Items listed in a dataset:
---------------
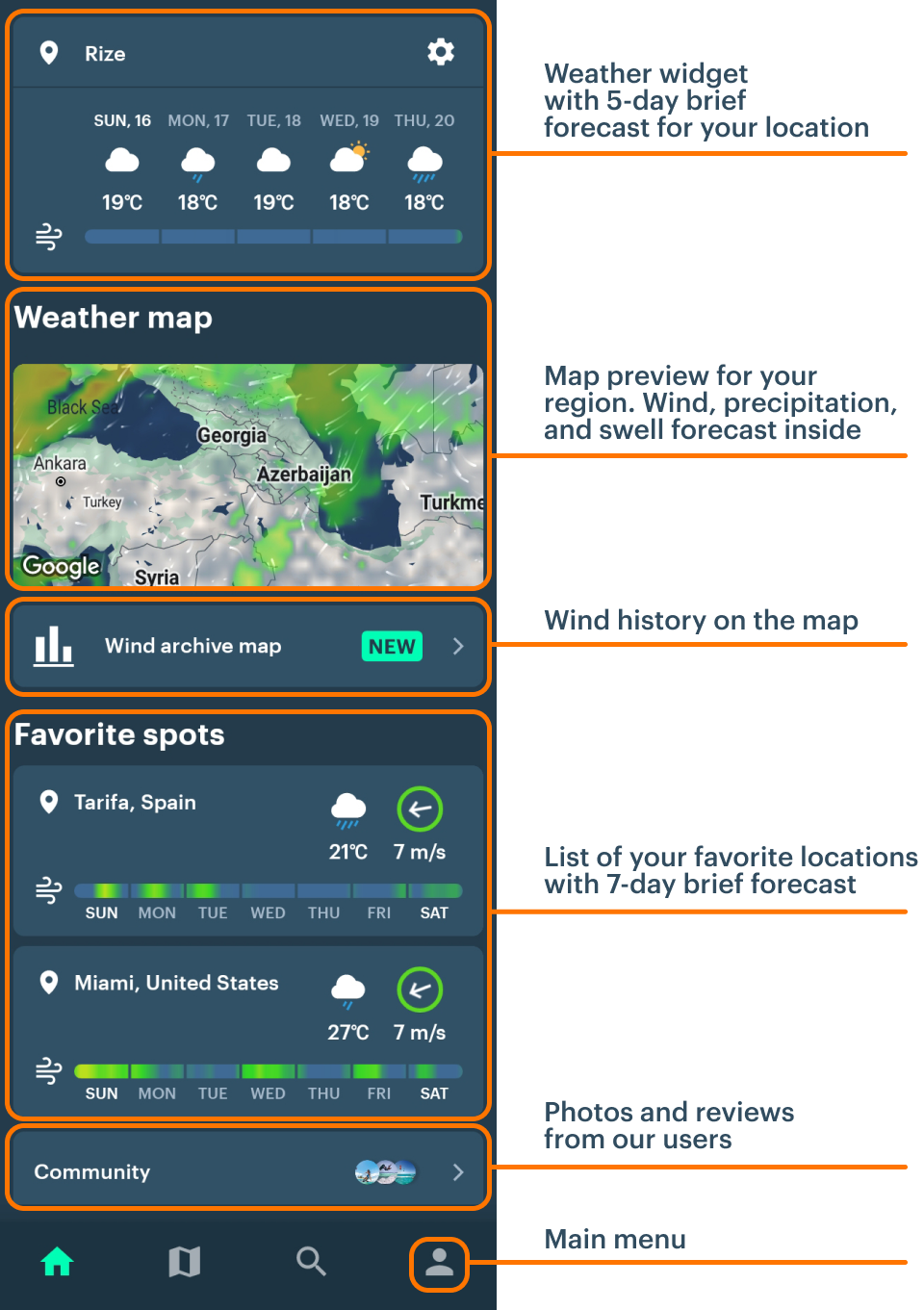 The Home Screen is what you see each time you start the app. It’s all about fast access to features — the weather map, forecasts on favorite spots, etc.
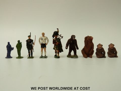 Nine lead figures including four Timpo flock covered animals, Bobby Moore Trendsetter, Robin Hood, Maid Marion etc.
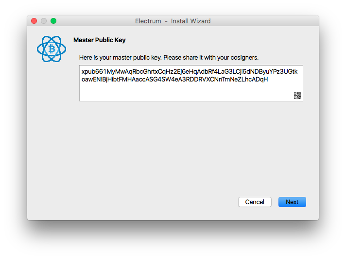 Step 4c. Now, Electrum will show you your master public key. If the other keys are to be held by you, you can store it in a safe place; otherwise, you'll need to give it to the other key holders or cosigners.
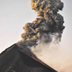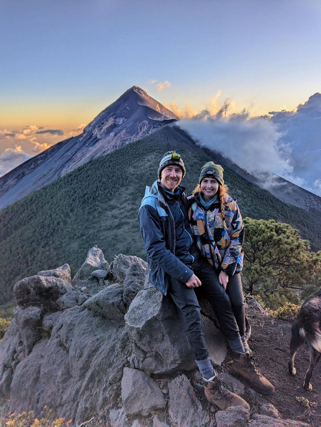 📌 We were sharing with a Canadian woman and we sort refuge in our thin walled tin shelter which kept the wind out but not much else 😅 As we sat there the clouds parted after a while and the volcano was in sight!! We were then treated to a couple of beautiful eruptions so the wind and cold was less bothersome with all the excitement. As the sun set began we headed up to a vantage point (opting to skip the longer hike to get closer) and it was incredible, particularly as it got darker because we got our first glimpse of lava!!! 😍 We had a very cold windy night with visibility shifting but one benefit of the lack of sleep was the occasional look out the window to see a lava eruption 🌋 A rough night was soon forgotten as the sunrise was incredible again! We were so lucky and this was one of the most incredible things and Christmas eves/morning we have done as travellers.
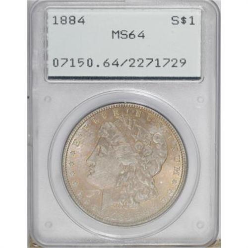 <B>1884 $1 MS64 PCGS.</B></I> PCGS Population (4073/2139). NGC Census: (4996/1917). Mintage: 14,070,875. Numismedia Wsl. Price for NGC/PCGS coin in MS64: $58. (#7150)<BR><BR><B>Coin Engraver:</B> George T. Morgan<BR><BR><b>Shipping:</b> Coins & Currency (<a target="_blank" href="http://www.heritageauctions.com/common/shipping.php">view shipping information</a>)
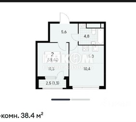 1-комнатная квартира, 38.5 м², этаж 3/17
---------------
*Problem*
All lines from the start of the entries above through the line containing "Nine lead figures" are to be given again exactly; the pictures are not.

*Solved exercise*
 The Home Screen is what you see each time you start the app. It’s all about fast access to features — the weather map, forecasts on favorite spots, etc.
 Nine lead figures including four Timpo flock covered animals, Bobby Moore Trendsetter, Robin Hood, Maid Marion etc.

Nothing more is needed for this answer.